Protection des données personnelles : L’Union européenne adopte un nouveau règlement

Dans 12 mois, un nouveau dispositif de protection des données personnelles entrera en vigueur. Il donne de nouveaux droits aux citoyens et fixe un corps de règles qui s’impose à tous les acteurs de la sphère privée et publique. Les activités d’assurance sont particulièrement concernées.

Quatre années auront été nécessaire pour adopter le nouveau Règlement Général sur la Protection des données personnelles (RGPD en Français ou GDPR en Anglais). En France, il actualise et modernise la loi informatique et libertés du 6 janvier 1978. Ce règlement est un texte à application directe, c’est-à-dire qu’il n’y a pas besoin de le transposer. Il sera effectif sur l’ensemble de l’Union européenne le 25 mai 2018. Il reste donc une année aux entreprises pour procéder à sa mise en place.
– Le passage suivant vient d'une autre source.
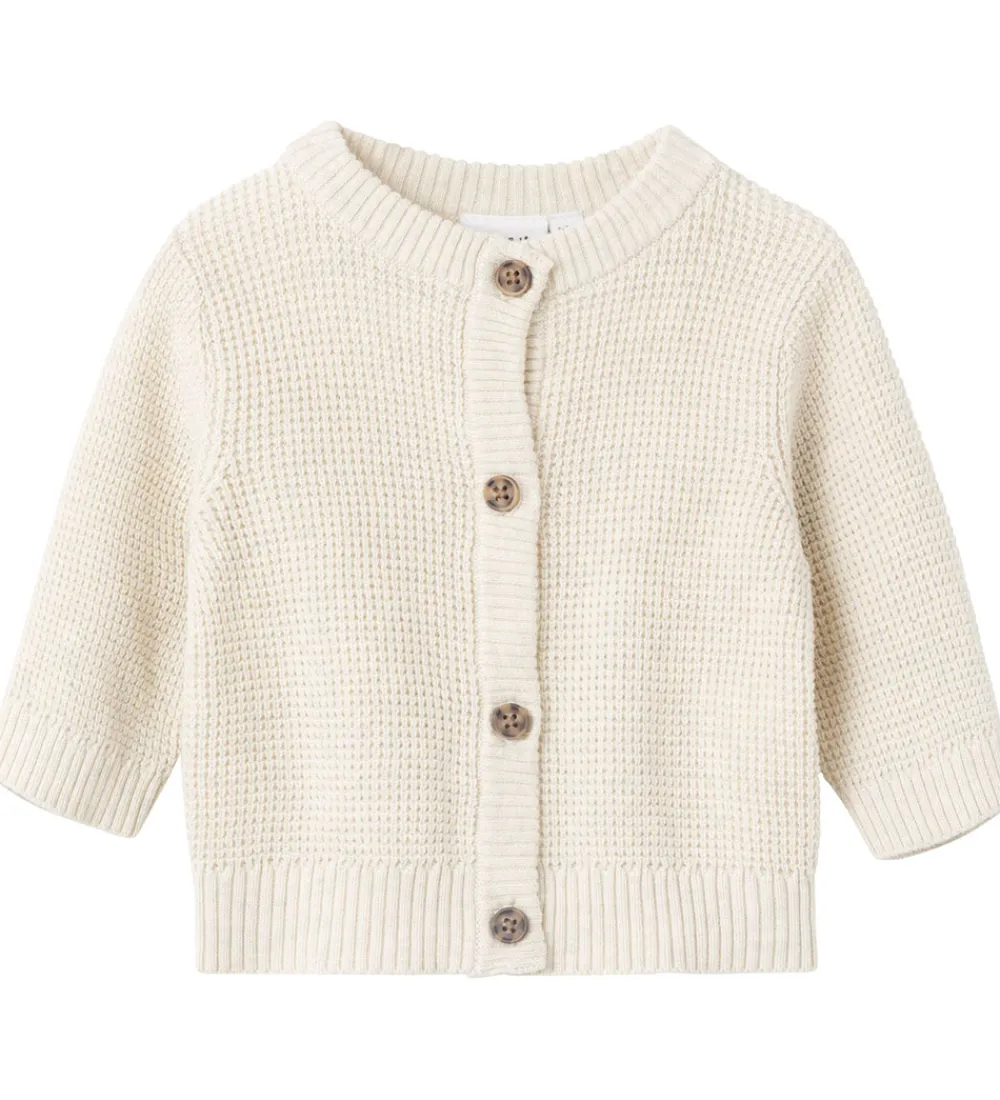 Lækker Name It cardigan i meleret beige og i en flot vaflet mønsterstrik.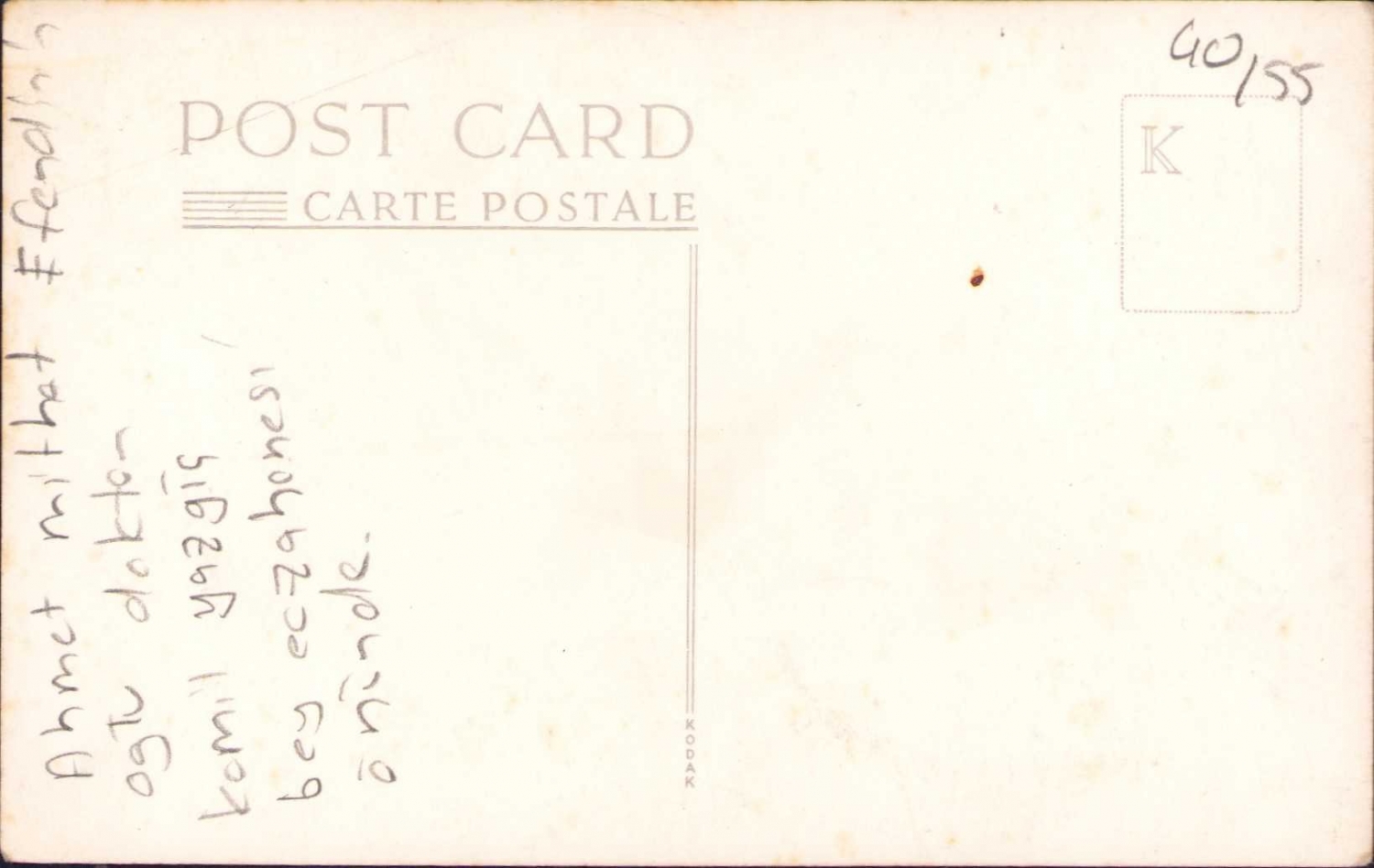 Ahmet Mithat Efendi'nin oğlu doktor Kamil Yazgıç Bey eczanesinin önünde, imzalı, 1941

Le règlement crée de nouveaux droits. Il impose la mise à disposition d’une information claire, intelligible et aisément accessible aux personnes concernées par les traitements de données. Les utilisateurs doivent être informés de l’usage de leurs données. A travers un consentement explicite, ils doivent donner leur accord pour le traitement de leurs données, ou pouvoir s’y opposer. Le droit à la portabilité des données est reconnu. Il permet à une personne de récupérer les données qu’elle a fournies, sous une forme réutilisable, et, le cas échéant, de les transférer ensuite à un tiers. Il s’agit ici de redonner aux citoyens la maîtrise de leurs données, et de rééquilibrer l’asymétrie entre le responsable du traitement et la personne concernée. Des conditions particulières sont également prévues pour le traitement des données des enfants. Enfin, le principe des actions collectives est reconnu et un droit à réparation des dommages matériels ou moraux est institué.

La suppression des formalités préalables auprès des autorités de contrôle (la CNIL en France) constitue une simplification. Il n’y aura donc plus de déclaration ou de demandes d’autorisation préalable à la mise en place des traitements de données à caractère personnel. Par contre, les entreprises seront tenues de respecter un formalisme conséquent dans la mise en œuvre des traitements de données à caractère personnel. Ainsi, le « privacy by design » introduit par le Règlement impose des mesures techniques et organisationnelles appropriées aux enjeux et aux droits des personnes dont les données sont traitées. Et ce, dès la détermination des moyens du traitement, puis tout au long de ceux-ci.

Dans les faits, il s’agit d’instaurer une gouvernance des données. Celle-ci, devra mobiliser les moyens nécessaires à ses objectifs. Nommer un référent pour certifier la démarche, le préparer à ses missions, former les collaborateurs à la collecte des données, faire des audits pour vérifier la conformité des pratiques avec les nouvelles prescriptions, établir un plan d’actions, mettre en place des processus et s’appuyer sur des plateformes SI « sécurisées ».

Ce règlement a une application territoriale mondiale. Toutes les entreprises, y compris celles qui sont établies hors de l’Union européenne, doivent s’y conformer lorsque les traitements qu’elles mettent en œuvre sont relatifs à l’offre de biens ou de services à des personnes qui sont dans l’Union européenne ou lorsque les traitements sont liés au suivi du comportement de personnes « dans la mesure où il s’agit d’un comportement qui a lieu au sein de l’Union européenne ». Les sanctions prévues pourront s’élever jusqu’à 20 000 000 d’euros, et, pour une entreprise jusqu’à 4% du chiffre d’affaires annuel mondial ! Manifestement, les autorités européennes veulent faire en sorte que les nouveaux droits offerts aux citoyens soient gravés dans le marbre.

Chacun a compris que les activités d’assurance, grandes utilisatrices de données, sont directement concernées. Les organismes d’assurance, bien sûr, mais aussi les intermédiaires et les différents sous-traitants qui concourent à leur fonctionnement. Un nouveau chantier d’ampleur dont il est urgent de prendre la mesure des enjeux.